**Problem details**
Nothing outside the range is wanted. Repeat exactly the lines below from the one with "Stairs Forest Green" through the one with "2025年331期内部万元报3d图迷".

**Data**

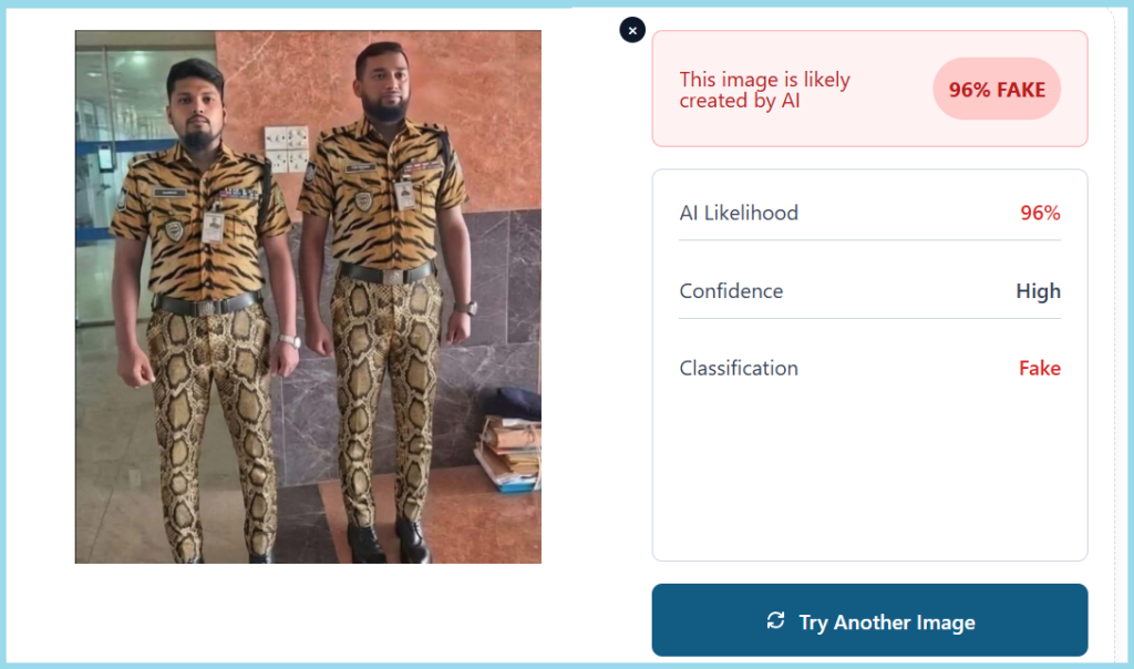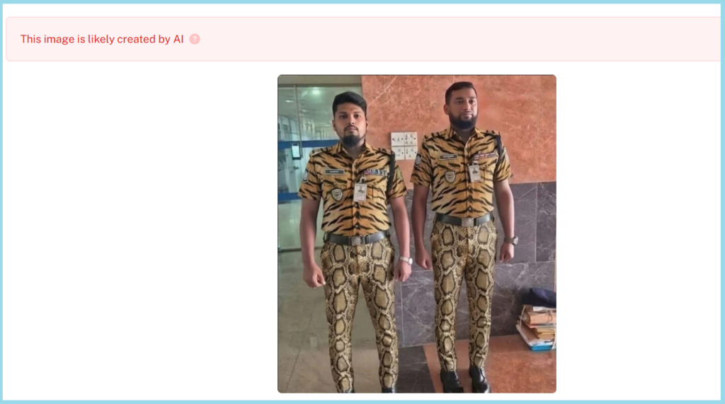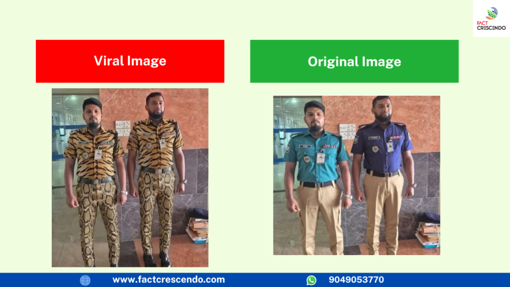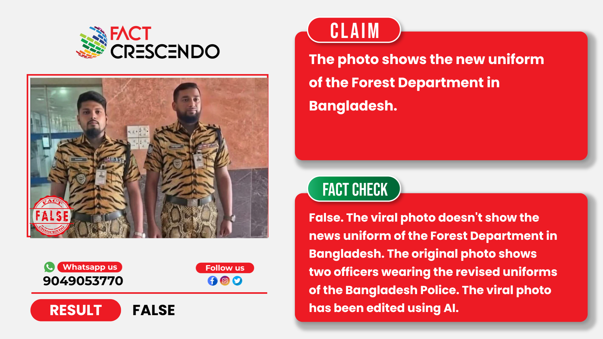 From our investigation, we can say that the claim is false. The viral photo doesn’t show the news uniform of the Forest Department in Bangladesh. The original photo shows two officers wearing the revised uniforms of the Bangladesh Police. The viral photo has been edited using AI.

---

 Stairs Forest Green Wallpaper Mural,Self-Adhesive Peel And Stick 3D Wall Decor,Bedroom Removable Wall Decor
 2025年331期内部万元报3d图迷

**Task output**
 Stairs Forest Green Wallpaper Mural,Self-Adhesive Peel And Stick 3D Wall Decor,Bedroom Removable Wall Decor
 2025年331期内部万元报3d图迷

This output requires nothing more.